Tears are for the Living

Editor's Note: I'm just warning you now, this post isn't funny. If that's what you came here for and you think you'll be disappointed, come back later, I'm sure I'll have something humorous for you.

Last night I was feeling a little bit lost and a little bit (lot a bit) sad. I was confused and angry and looking for some sort of answer, something to make sense. Led by this conglomeration of emotion, I wound up flipping through the Bible at an obscenely early hour in the morning, hoping that some passage would jump out at me and suddenly shine a light on everything.

After a few minutes of frustrated page turning, I decided to just settle in, read a few stories and go to sleep, so I turned to John. I had just started reading the story of Lazarus (Chapter 11), the one who was raised from the dead, and instead of feeling happy, like I normally do when reading that story, I became angry. Jesus raised this man from the dead. He can work miracles, so why Lazarus and not my Dad? I'm not saying that I was expecting Him to raise the dead for me, but is a little bit (lot a bit) of healing too much to ask?

Still frustrated, I kept reading. Both Mary and Martha come to Jesus and say "Lord, if you had been here, my brother would not have died." I found myself thinking, "Lord, if you had been there... weren't you there?" But shortly after this, John goes on to write,
33. When Jesus saw her [Mary] weeping, and the Jews who had come along with her also weeping, He was deeply moved in spirit and troubled. 34. "Where have you laid him?" He asked.
"Come and see, Lord" they replied.
35. Jesus wept.

I read that line and I was suddenly crying.

Don't you see? Jesus did not weep for Lazarus, because He knew that Lazarus would be alive again. He wept for Mary and Martha, the people whose lives had been shattered, whose hearts were torn open, who felt loss and grief and loneliness. He wept for their sorrows, but not for Lazarus.

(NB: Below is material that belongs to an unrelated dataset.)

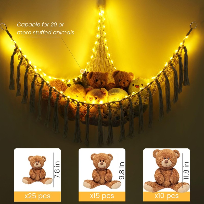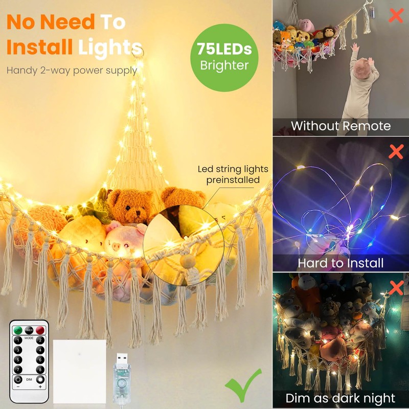 - Exclusive Pre-install Design: 11.8Ft/ 75LEDs USB string lights preinstalled along 3 sides of the hammock, NO NEED TO assemble string lights yourself. The stuffed animal net is made of premium cotton rope. Eco-friendly, handmade macrame decor applied to the stuffed animal hammock. The hanging net with iron ring would never loose or transform, absolutely strong, steady and durable.

In the same way, I know that He did not weep for my Daddy, nor does He. He may weep for us, those of us left without a father, a husband, a brother, a son, a friend... in fact, I'm sure He does, and that gives me comfort to know that God feels my sorrow and heartache, to know that He understands. God, too, watched someone that He loved pray for death to end his last struggling breaths; He knows anguish and loss and mourning. So, yes. Jesus wept for Mary and Martha, and He weeps for me and my family whenever we cry out of loneliness or anger or fear. But He did not weep for Lazarus because He was soon to raise him back to life. How much better is it that He was not weeping when my Daddy died because He was raising him not to life on this earth but to eternal life? How could Jesus cry at death when He is so busy welcoming His faithful child into Heaven?

That was my answer.

Having an answer doesn't make the sadness go away, but it makes it easier to bear, knowing that God doesn't watch  from afar, unmoved by my tears, but rather sheds tears of His own. It's like a hand to hold in the darkness, or a tissue offered by a good friend. It doesn't make the bad go away, but it's better than suffering alone.